** Records supplied **
------------------------

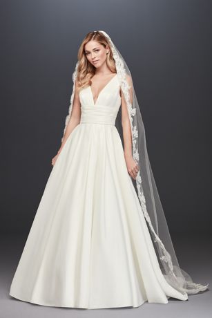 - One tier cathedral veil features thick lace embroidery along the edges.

------------------------

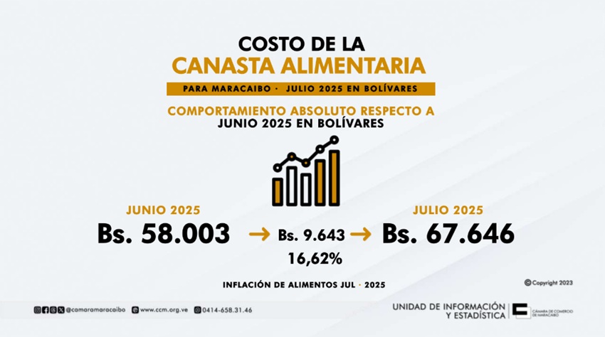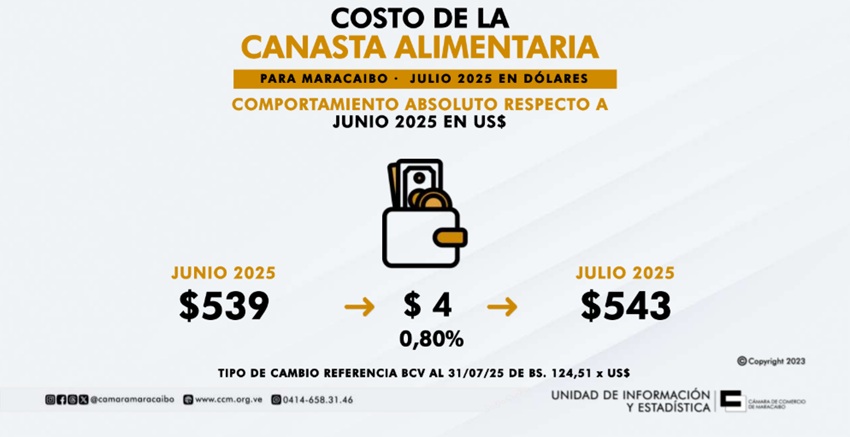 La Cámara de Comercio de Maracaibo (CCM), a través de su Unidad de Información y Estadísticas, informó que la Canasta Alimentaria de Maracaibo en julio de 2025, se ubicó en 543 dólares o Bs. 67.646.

------------------------

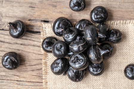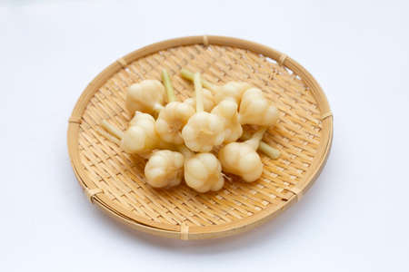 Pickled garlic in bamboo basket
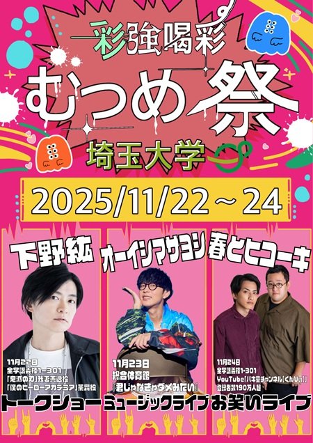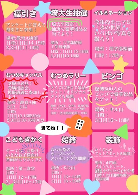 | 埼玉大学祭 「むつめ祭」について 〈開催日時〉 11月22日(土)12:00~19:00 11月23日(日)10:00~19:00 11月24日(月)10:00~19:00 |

------------------------

** Problem details **
Restate word for word the lines of the data above that begin at the line with "Pickled garlic in bamboo basket" and end at the line with "11月23日(日)10:00~19:00 11月24日(月)10:00~19:00 |", keeping both ends and dropping every picture.

** Response **
 Pickled garlic in bamboo basket
 | 埼玉大学祭 「むつめ祭」について 〈開催日時〉 11月22日(土)12:00~19:00 11月23日(日)10:00~19:00 11月24日(月)10:00~19:00 |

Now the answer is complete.